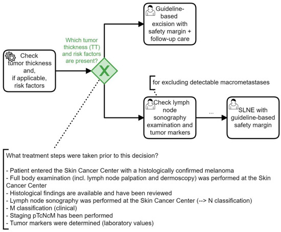 We chose malignant melanoma as our clinical use case because a long-term cohort of 3429 patients with melanoma was available (as of 23 October 2023) in the FHIR-based SHIP data platform. We also had a validated clinical algorithm of a hospital-specific SOP that was previously modeled in BPMN [20] with semantically integrated patient FHIR data [21]. We reduced our cohort to those patients with melanoma who had an indication for a sentinel lymph node excision (SLNE), since there is a clear indication for sentinel biopsy/excision within a German clinical practice guideline and a hospital-specific SOP, guided by a standardized treatment process. SLNE is a diagnostic surgical procedure used to classify the specific stage of a tumor according to the AJCC 8th edition [22] and is currently the subject of intensive clinical research [23,24]. Patients with certain risk factors [20,25] undergo an SLNE and adjuvant therapy is offered for one year if the results are positive.
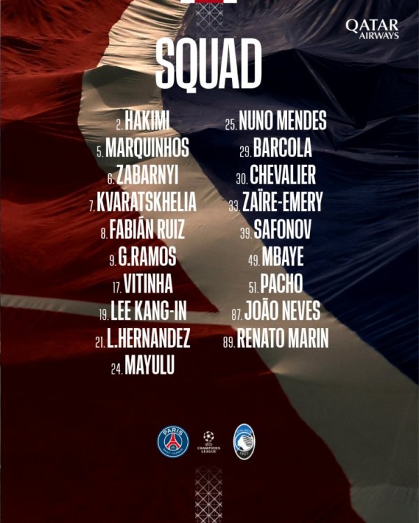 巴黎公布欧冠战亚特兰大大名单:维蒂尼亚领衔,登贝莱、杜埃缺席
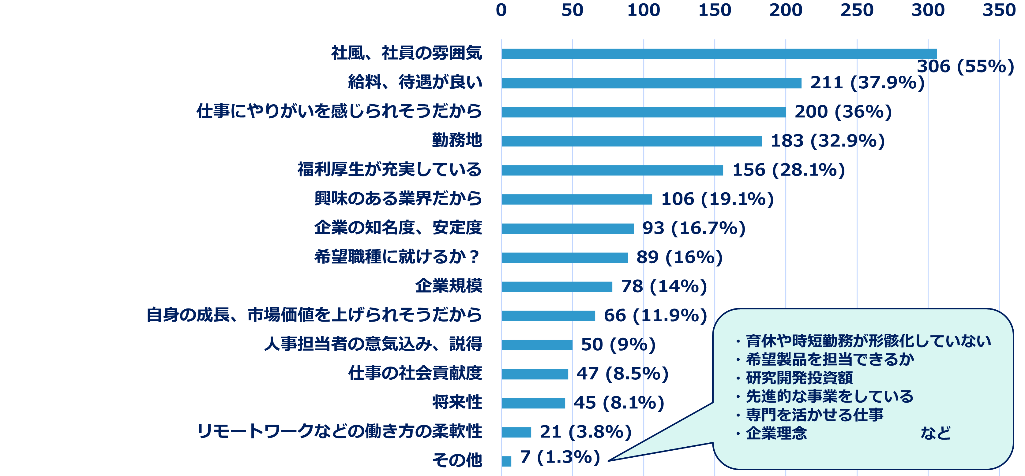 (10) 就職先の決め手は2年連続「社風、社員の雰囲気」が1位
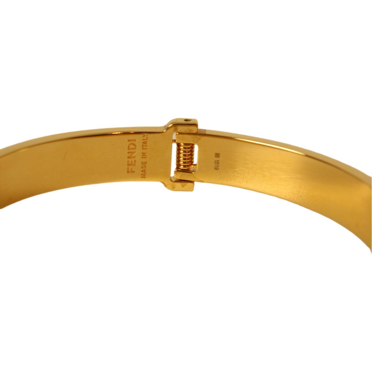 This cuff from Fendi is crafted from gold-finish metal with brown and black enamel details. The minimal design features the engraved F is Fendi logo. Elevate your look with this sophisticated piece from Fendi.
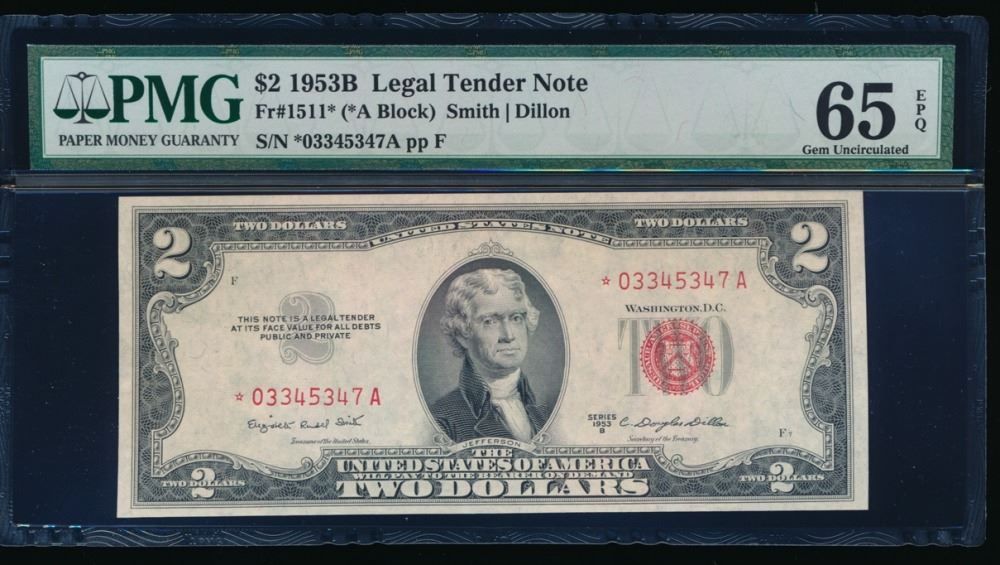 One 1953B $2 Legal Tender Star Note PMG 65EPQ.
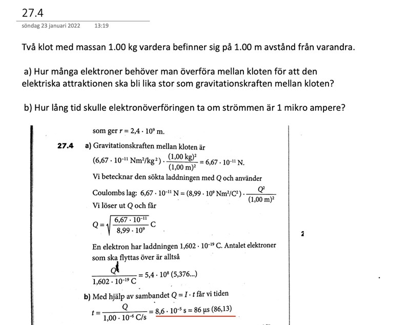 Bubo skrev:Antalet elektroner är 5.4*108. De har laddningen 1.602*10-19 C = 1.602*10-19 As.
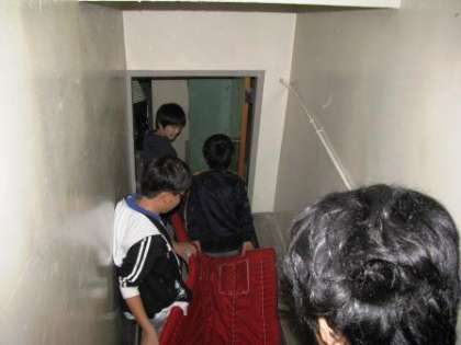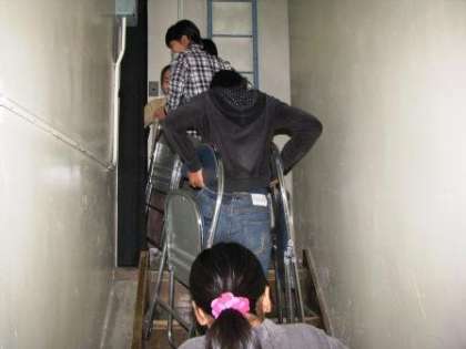 写真(下)・・・・パイプいすを舞台下から運び出します。
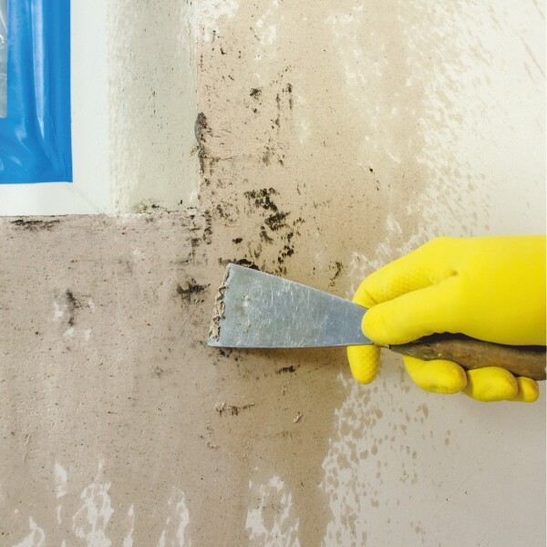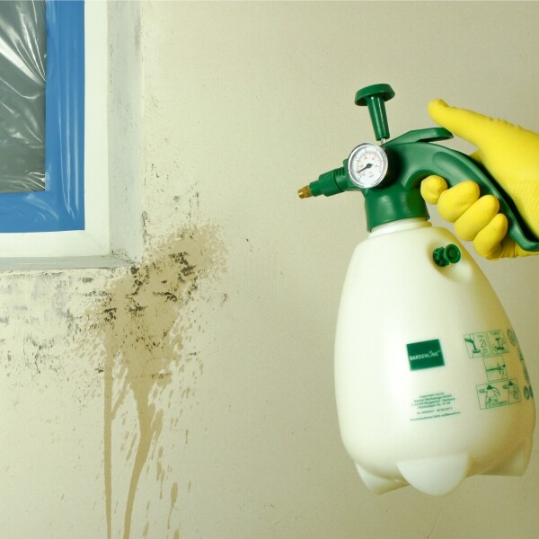 Nach frühestens 2 Stunden entfernst du die Schimmelreste möglichst vollständig. Verwende dafür einen Spachtel oder eine Bürste mit Wasser. Entsorge die Schimmelreste umgehend im Müll. Betroffene Tapeten, Putze o.ä. sind zu entfernen. Achte darauf, die Fläche während der Einwirkzeit feucht zu halten, um den Sporenflug zu minimieren.
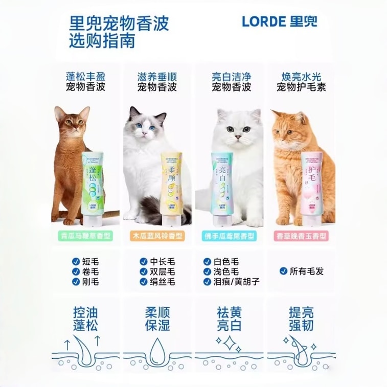[중국 직배송] 리도우 브라이트닝 & 모이스처라이징 애완동물 컨디셔너 50ml 바닐라 & 튜베로즈 향, 손상된 털을 깊이 복구하고 윤기를 더해줍니다 | Yami
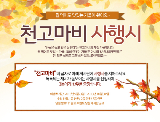 참여 방법은 해당 이벤트 게시판에 들어가 '천고마비' 네 글자로 사행시를 작성해 남기면 된다. 톡톡 튀는 재치가 돋보이는 사행시를 선정해 총 3명에게 다하누 명품 한우를 경품으로 제공하며 당첨자는 11월 초 이벤트 게시판을 통해 고지될 예정이다.
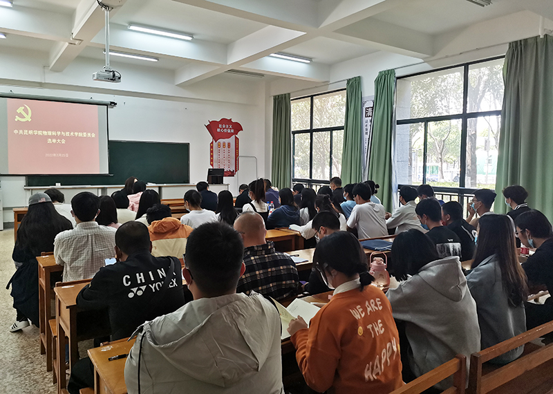 3月25日,中共开云kaiyun官方网站物理科学与技术学院第一届党委委员选举大会在惟真楼1113教室顺利召开。物理科学与技术学院书记付晏昆、副书记王进和全体师生党员参加会议,本次会议由付晏昆书记主持。
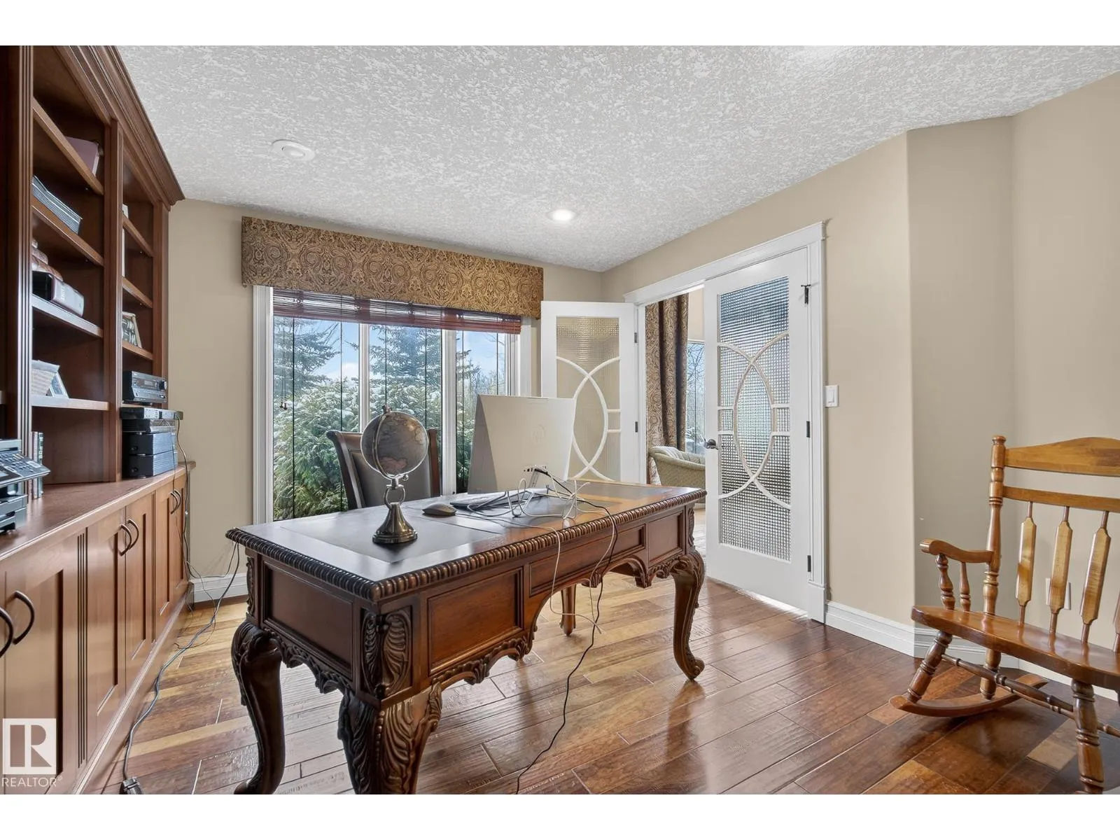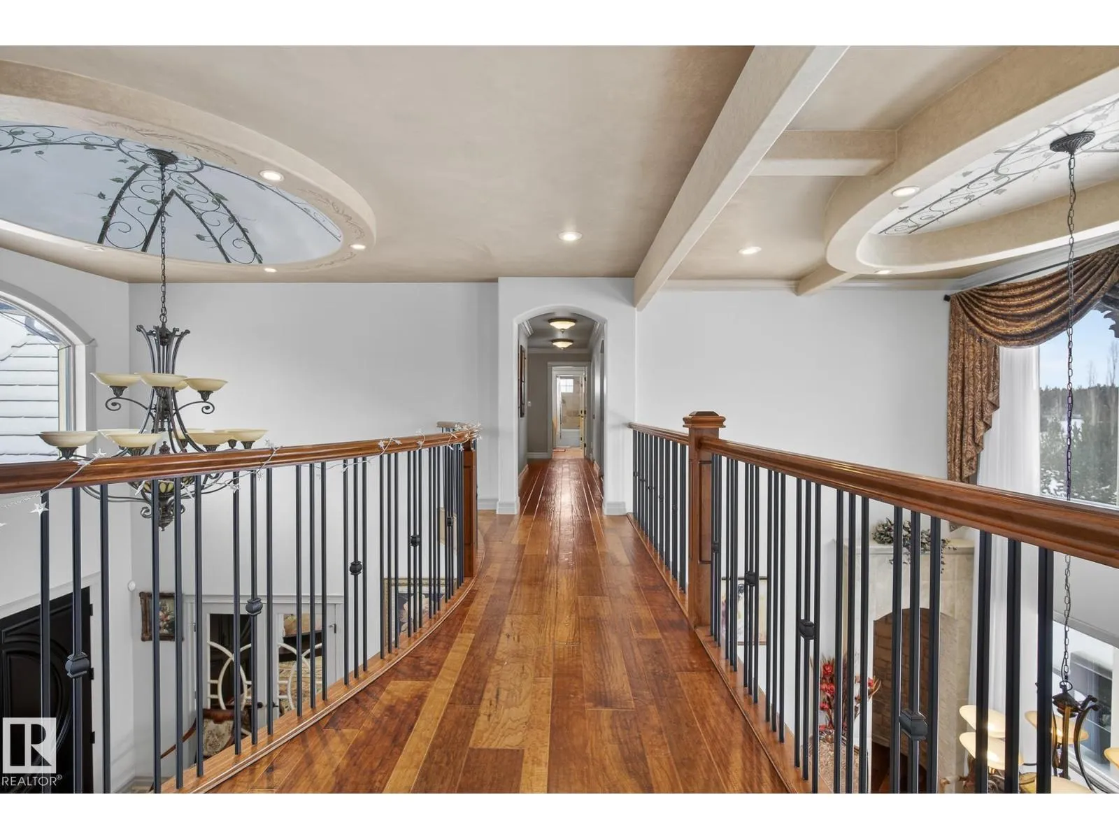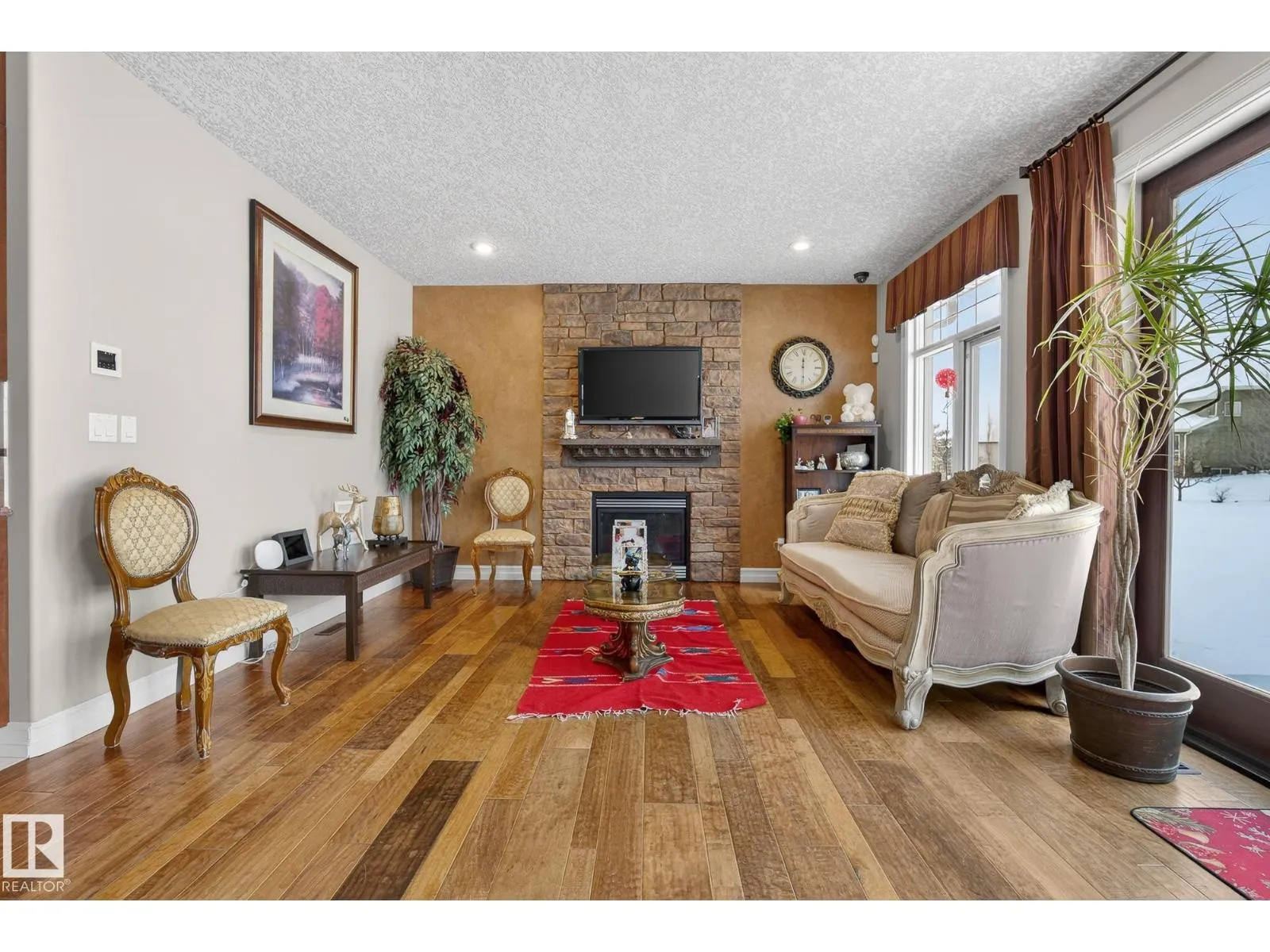 Welcome to this stunning Sturgeon County home, just under 10 minutes from St. Albert. Situated on a half-acre lot, this property offers over 5000 sq. ft. across three beautifully finished levels. With six spacious bedrooms, including two with their own en suites, this home is dedicated to accommodate families of all sizes. The layout features hardwood finishes, cozy fireplaces, and a bright kitchen with stainless steel appliances. Enjoy movie nights in the dedicated theatre room and take advantage of countless additional upgrades throughout. A rare opportunity to own a home that blends space, comfort, and convenience. (id:27476)

● ● ● ●

No pictures belong in the copy. Repeat the entries exactly.

§ ANSWER TO THIS TASK:
 We chose malignant melanoma as our clinical use case because a long-term cohort of 3429 patients with melanoma was available (as of 23 October 2023) in the FHIR-based SHIP data platform. We also had a validated clinical algorithm of a hospital-specific SOP that was previously modeled in BPMN [20] with semantically integrated patient FHIR data [21]. We reduced our cohort to those patients with melanoma who had an indication for a sentinel lymph node excision (SLNE), since there is a clear indication for sentinel biopsy/excision within a German clinical practice guideline and a hospital-specific SOP, guided by a standardized treatment process. SLNE is a diagnostic surgical procedure used to classify the specific stage of a tumor according to the AJCC 8th edition [22] and is currently the subject of intensive clinical research [23,24]. Patients with certain risk factors [20,25] undergo an SLNE and adjuvant therapy is offered for one year if the results are positive.
 巴黎公布欧冠战亚特兰大大名单:维蒂尼亚领衔,登贝莱、杜埃缺席
 (10) 就職先の決め手は2年連続「社風、社員の雰囲気」が1位
 This cuff from Fendi is crafted from gold-finish metal with brown and black enamel details. The minimal design features the engraved F is Fendi logo. Elevate your look with this sophisticated piece from Fendi.
 One 1953B $2 Legal Tender Star Note PMG 65EPQ.
 Bubo skrev:Antalet elektroner är 5.4*108. De har laddningen 1.602*10-19 C = 1.602*10-19 As.
 写真(下)・・・・パイプいすを舞台下から運び出します。
 Nach frühestens 2 Stunden entfernst du die Schimmelreste möglichst vollständig. Verwende dafür einen Spachtel oder eine Bürste mit Wasser. Entsorge die Schimmelreste umgehend im Müll. Betroffene Tapeten, Putze o.ä. sind zu entfernen. Achte darauf, die Fläche während der Einwirkzeit feucht zu halten, um den Sporenflug zu minimieren.
[중국 직배송] 리도우 브라이트닝 & 모이스처라이징 애완동물 컨디셔너 50ml 바닐라 & 튜베로즈 향, 손상된 털을 깊이 복구하고 윤기를 더해줍니다 | Yami
 참여 방법은 해당 이벤트 게시판에 들어가 '천고마비' 네 글자로 사행시를 작성해 남기면 된다. 톡톡 튀는 재치가 돋보이는 사행시를 선정해 총 3명에게 다하누 명품 한우를 경품으로 제공하며 당첨자는 11월 초 이벤트 게시판을 통해 고지될 예정이다.
 3月25日,中共开云kaiyun官方网站物理科学与技术学院第一届党委委员选举大会在惟真楼1113教室顺利召开。物理科学与技术学院书记付晏昆、副书记王进和全体师生党员参加会议,本次会议由付晏昆书记主持。
 Welcome to this stunning Sturgeon County home, just under 10 minutes from St. Albert. Situated on a half-acre lot, this property offers over 5000 sq. ft. across three beautifully finished levels. With six spacious bedrooms, including two with their own en suites, this home is dedicated to accommodate families of all sizes. The layout features hardwood finishes, cozy fireplaces, and a bright kitchen with stainless steel appliances. Enjoy movie nights in the dedicated theatre room and take advantage of countless additional upgrades throughout. A rare opportunity to own a home that blends space, comfort, and convenience. (id:27476)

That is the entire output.